Antibiotics are administered together with rigorous tissue debridement to remove biofilms from chronic wounds. Anti-biofilm treatment is being used more often to treat chronic wounds (Omar et al., 2017). To undermine the integrity of the biofilm and speed up the healing process of wounds, a number of targets were specifically targeted. The bacterial QS system is crucial for the development of biofilms in chronic wounds and hence offers a key target for anti-biofilm treatment (Kalia and Kumar, 2014, Kumar et al., 2014). Since the QS system depends on autoinducer chemicals for signalling, preventing them would prevent synchronised virulence action. Both Gram-positive as well as Gram-negative bacteria have different QS systems. Autoinducer-1 as well as furanone-based signalling systems are found in Gram-negative bacteria, whereas oligopeptide as well as furanone-based systems are found in Gram-positive bacteria. In addition to these, bacteria also have the Pseudomonas quinolone signal (PQS), diffusible signal factor (DSF), and autoinducer-3 (AI-3) systems. Although the essential supply of signal and response phases have been retained in all QS systems, there are two primary kinds of QS inhibitors (QSI): those that block signal supply and those that block signal response (Rutherford and Bassler, 2012, LaSarre and Federle, 2013). Enzymatically cleaving QS signal molecules in order to prevent them from functioning is a process known as quorum quenching. AHL acylases as well as lactonases, which break the homoserine lactone rings and amide bonds of the AHL molecule, are two examples of how AHL may be degraded. AHL oxidase and AHL reductase are two more enzymes that alter the activity of the AHL molecule rather than cleaving it. Bacterial species, such as P. aeruginosa, Acinetobacter spp., as well as Klebsiella pneumonia, are mostly found in bacterial biofilms around persistent wounds, produce and release AHL-degrading enzymes (Koul et al., 2016, Koul and Kalia, 2017). Antibiotic-resistant bacteria can be found in biofilms, hence QS inhibition can be used as a replacement for antibiotics. QSIs prevent the generation of virulence factors that are controlled by sensing without impeding the growth of bacteria. Therefore, microorganisms that do not exhibit resistance to antibiotics can be eliminated by the immune system (Brackman and Coenye, 2015).

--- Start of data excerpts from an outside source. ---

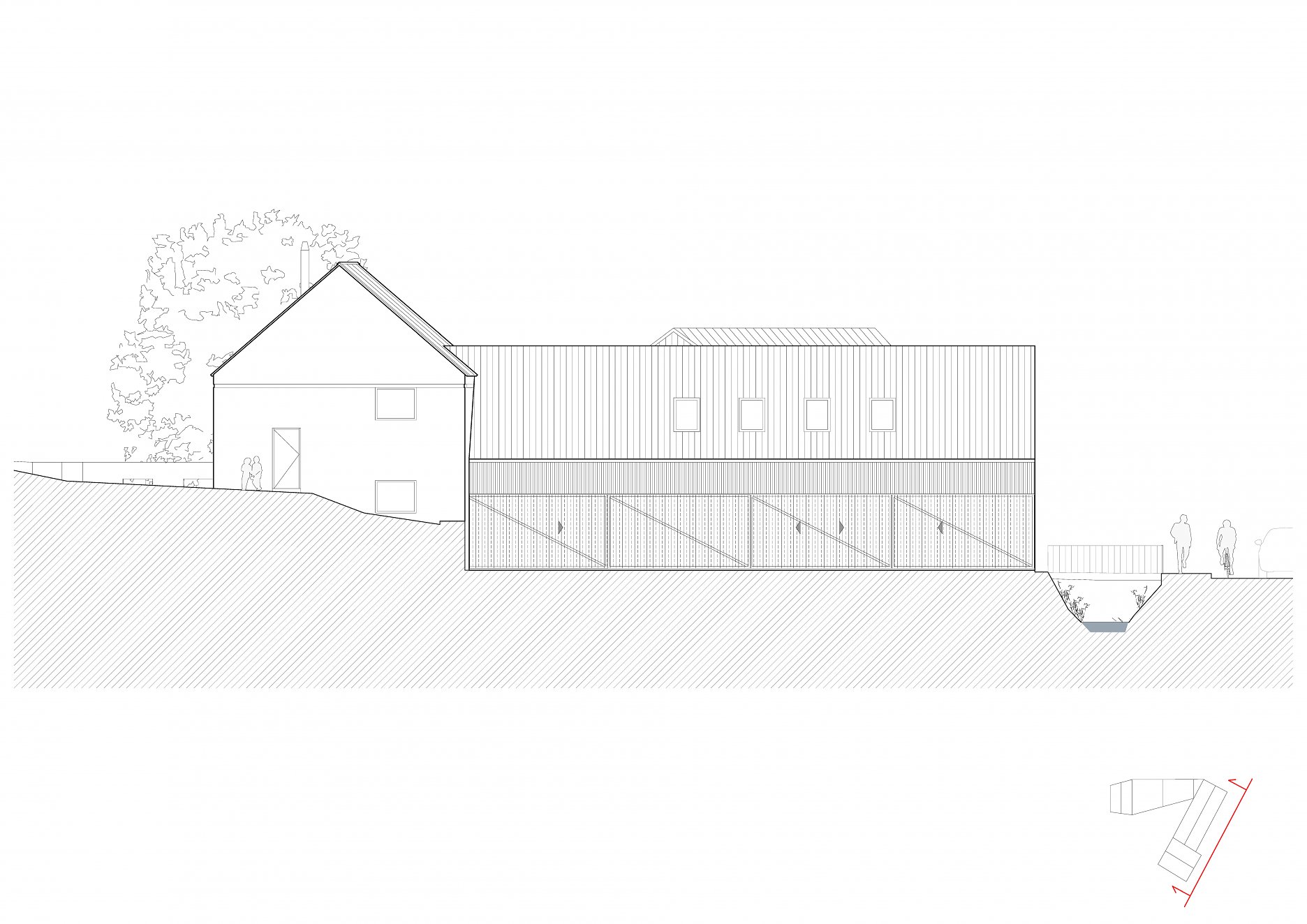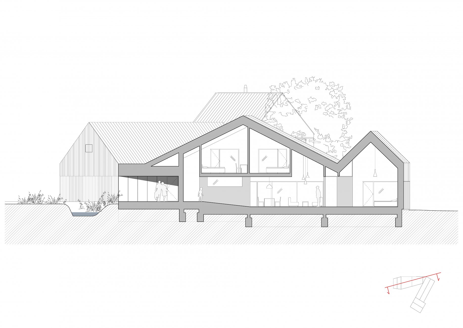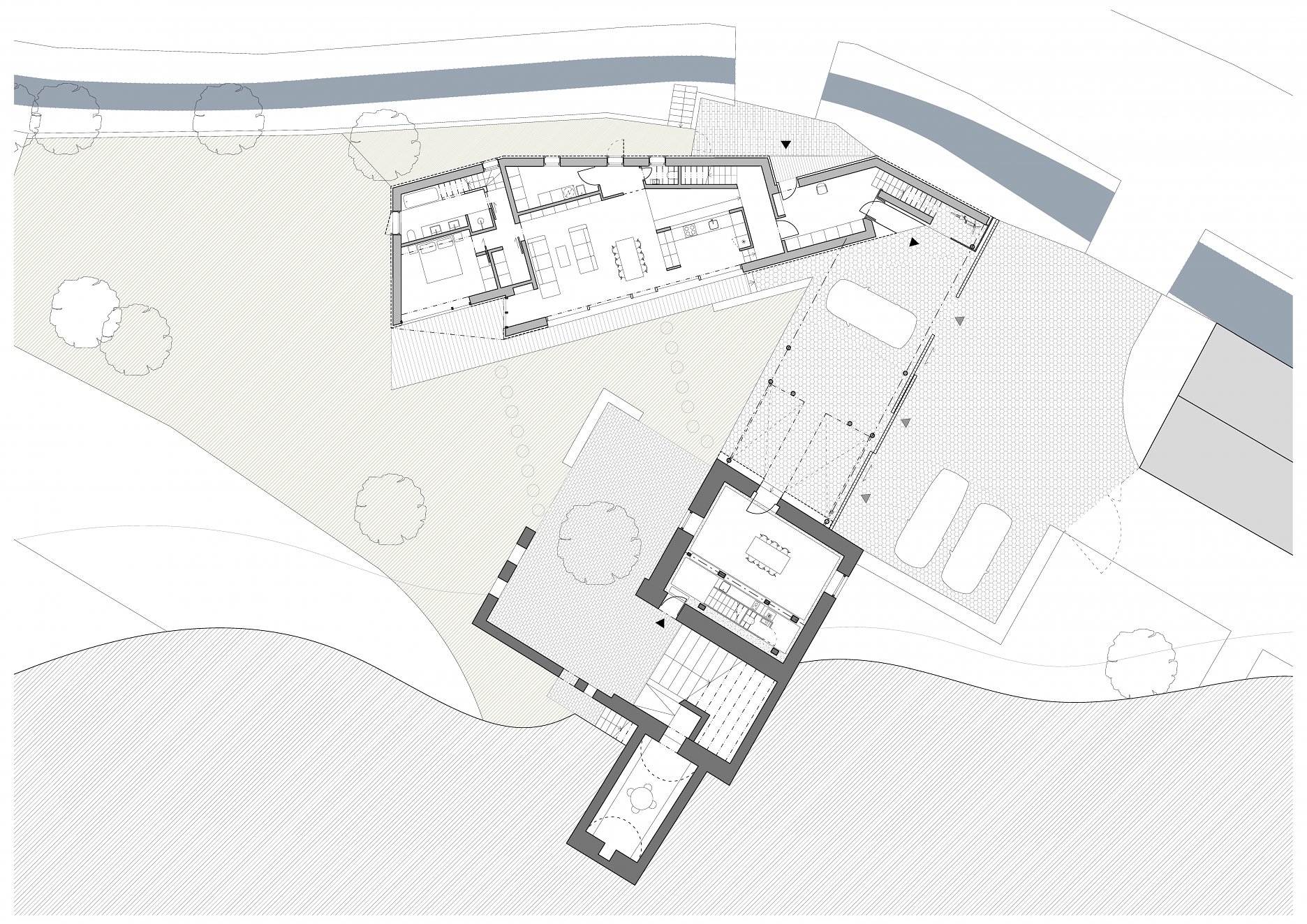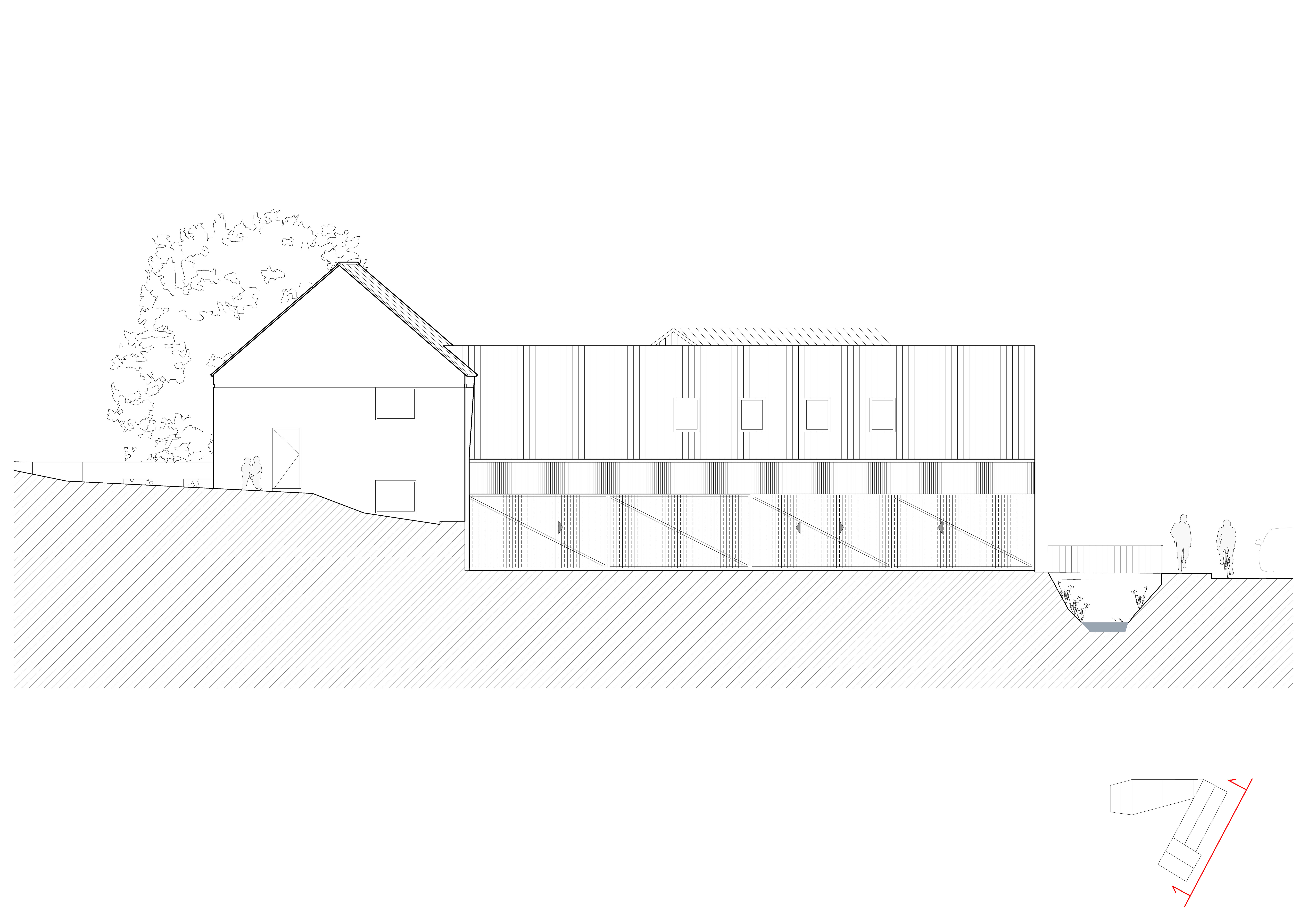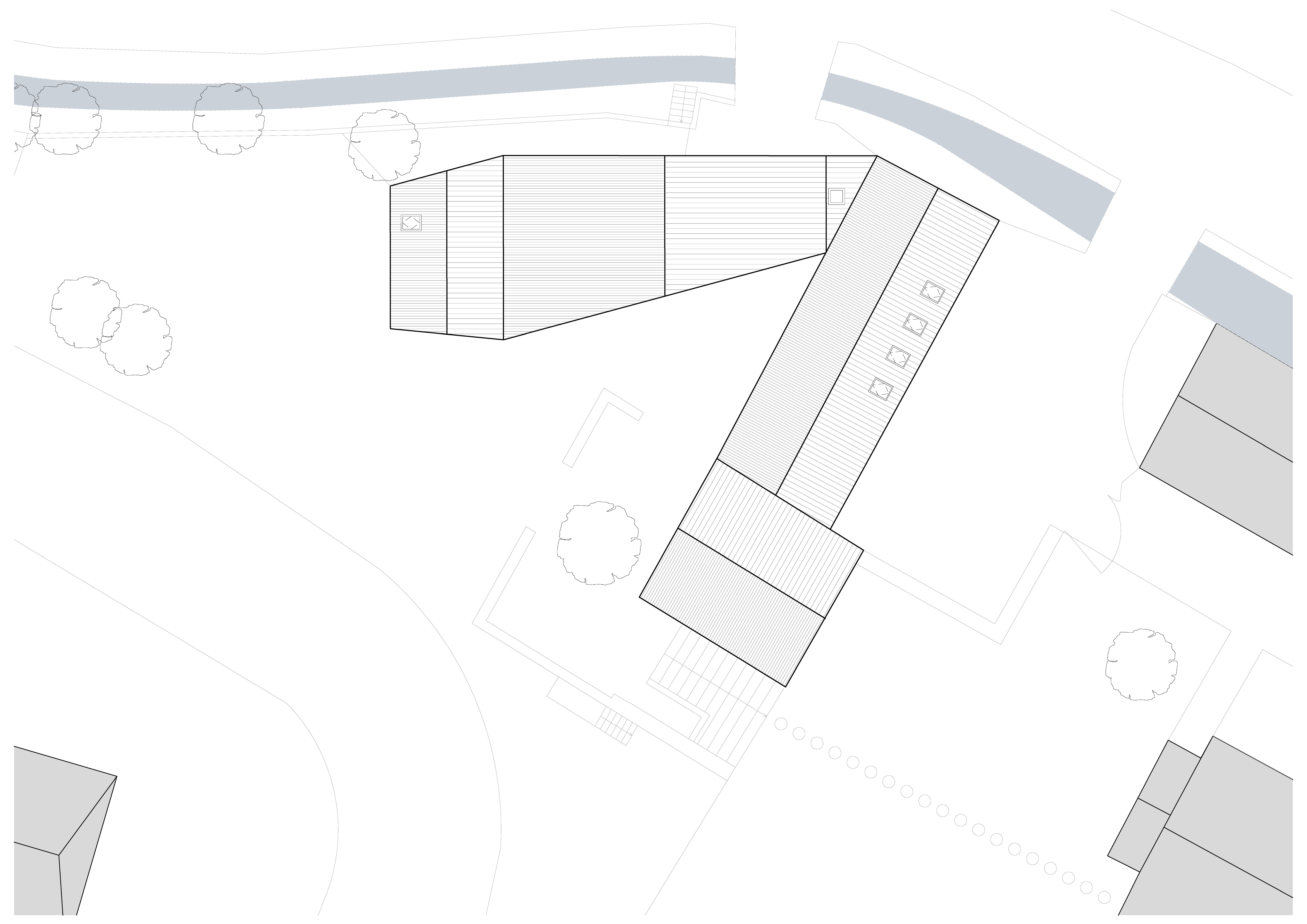 Tvar parcely je komplikovaný. Velkou část pozemku zabírá mlýn a jeho pozdější dostavby. Nehodnotná zemědělská stavení jsou u potoka. Tyto malé objekty a dostavby demolujeme. Výsledným řešením je usedlost tvořená třemi hmotami. Mlýnem, který částečně zachováváme, novostavbou rodinného domu, která zaujímá prostor u potoka a zastřešení parkovacích stání, které oba objekty spojuje. Mezi těmito třemi hmotami vzniká příjemný, částečně uzavřený prostor zahrady a dvora.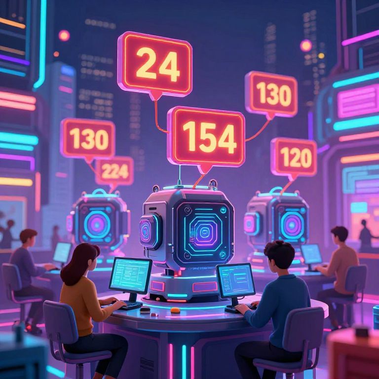 This digital CGI image depicts a futuristic, neon-lit trading room. Three computer operators, two men and one woman, sit at round desks, focused on glowing blue screens with illuminated neon numbers "24," "130," and "154" hovering above. The background features tall, illuminated cityscape silhouettes and vibrant neon lights in pink, blue, and purple. The operators wear casual attire; the woman in a yellow top and the men in blue and grey shirts. The desks are modern with sleek, metallic surfaces. The overall atmosphere is high-tech and bustling, with a vivid, colorful aesthetic.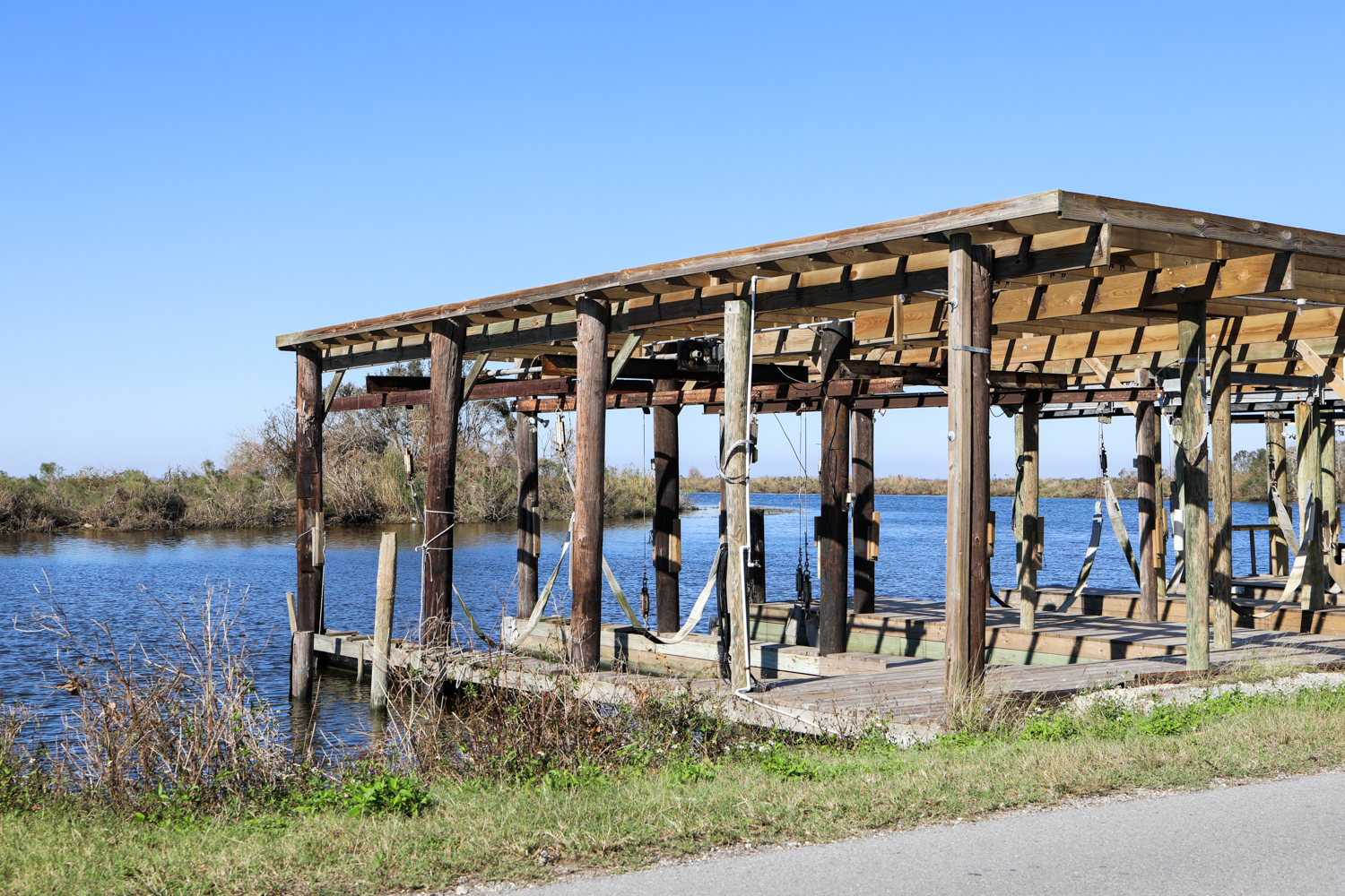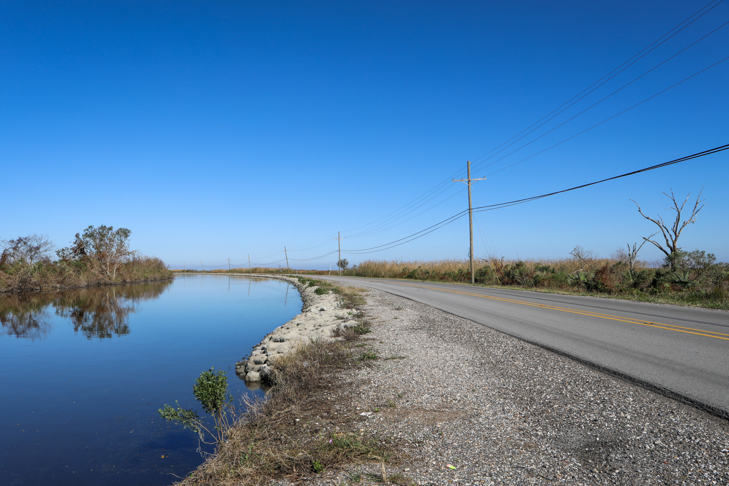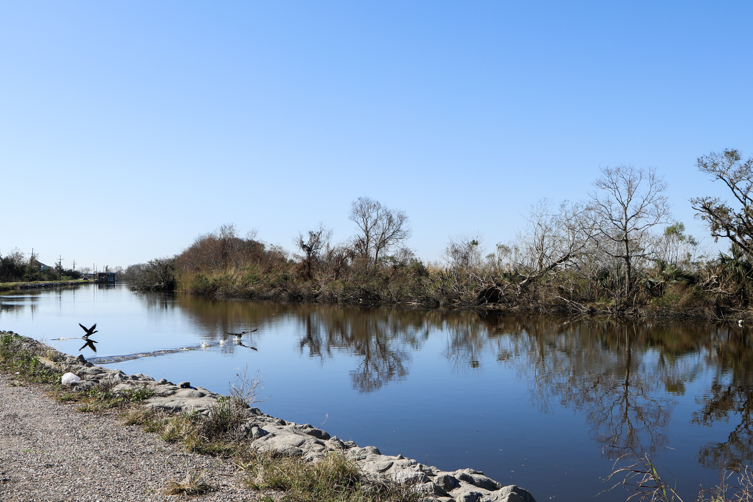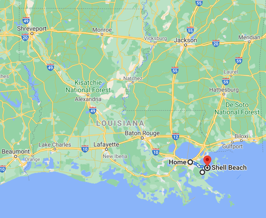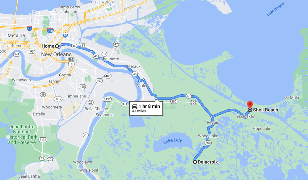 Route 46 follows the Mississippi from New Orleans, then cuts East as the Mississippi veers briefly back West toward English Turn. It’s joined by Route 300, which carries on South to its terminus: a town called Delacroix. (Well, it’s called Delacroix on maps, but the welcome sign identifies it as Delacroix Island, est. 1782. It’s not an island, but it was only reachable by boat until the 1930s so surely felt like one.) You have to really zoom in to see that Route 46 can indeed take you further East, to a town called Shell Beach that appears at first glance inaccessible in the sea of green that is the receding coast.

According to Abbas and Shaldam (2016), Glyceryl trinitrate (GTN), an FDA-approved drug, was tested for its capacity to prevent the development of QS-based biofilms in P. aeruginosa burn infections. Pyocyanin and protease synthesis were decreased in conjunction with the formation of the QS molecule violacein. Inhibiting the development and functioning of biofilms is made possible by the fact that it prevents autoinducers from attaching to their receptors. When QS is inhibited, it can sometimes enhance the colonisation of more virulent wild type bacteria while eliminating the less virulent mutant strains, leading to an increase in the predominance of pathogenic genotypes in infections that occur in hospitals. Therefore, QS inhibitors need to be utilised with caution, since their inappropriate usage might result in the generation of QS inhibitor resistance bacteria, worsening biofilm induced pathogenicity (Kalia, 2013, García-Contreras, 2016).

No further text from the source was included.